Pandey estimates that half of the women in her village, who are not part of the knitting circle, have become more outspoken and confident as a result of her example. “They think about the future and they think about the bigger picture – about saving more and doing something for themselves.”
The knitters have been able to send their children to school, extend and improve their homes and buy furniture and jewellery.
Each woman also contributes 200 rupees ($2.80) a month to a collective saving scheme. “If anyone is ever in need, they will loan out the money to that person on minimal interest rates,” said Gudiya Khan.
Suhela recognises that there have been backlashes in India against women who become financially independent and outspoken.
“It is not a simple issue. Despite progressive legislation and despite awareness for gender equality there is still a lot to be done,” she said.
The knitting circle has been spared from criticism or threats. Instead, women from the villages are embracing their newfound voices.
The greatest challenges came in the first few weeks of the circle forming.
Hindu women wouldn’t sit next to a Muslim, while those on their period were banished and higher castes refused tea made by lower castes. Srikanth made it clear that all women are equal. Today, there is a sense of an unbreakable sisterhood.
Gudiya Khan, the only Muslim in the knitting circle, said: “The life of a Hindu or a Muslim woman is the same because when you cry the tears are the same, the difficulties are the same.

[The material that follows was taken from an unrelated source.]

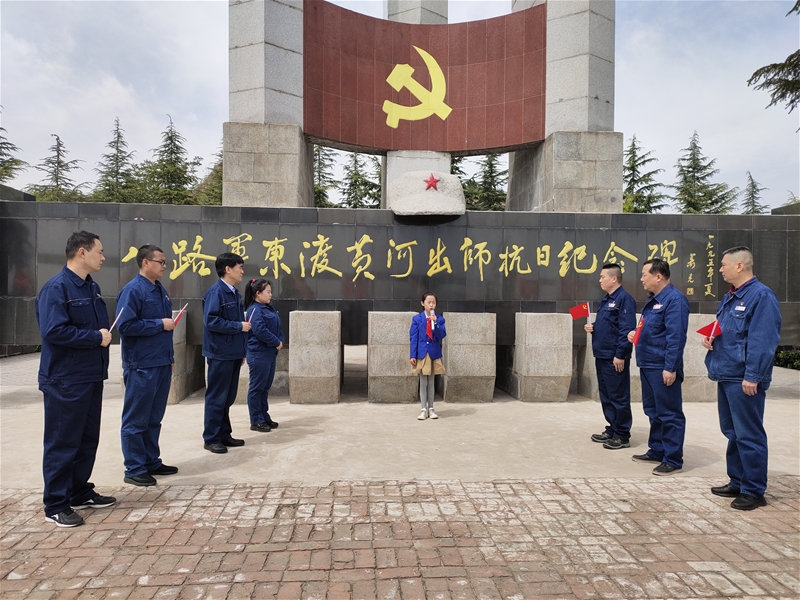 “八路軍115師1937年從這里東渡黃河,首開八路軍抗日先河。今天我們來到這里,學(xué)習(xí)歷史,緬懷先烈……”在八路軍東渡黃河出師抗日紀(jì)念碑前,連一黨支部書記雷會(huì)林講道。

So, the life of a woman, no matter what religion, is the same.”
With more women expressing interest in the group, Srikanth plans to initiate 16 more individuals into the circle in 2019, recruited in sets of eight to ease the training period – all to be taught and overseen by the established members.
Srikanth said she had never intended to empower anyone or cause an uprising, she simply wanted to lead great knitters.
“We are equals. There is no ‘she versus us’,” says Srikanth, who has gone from being called “madam” to “didi”, or big sister.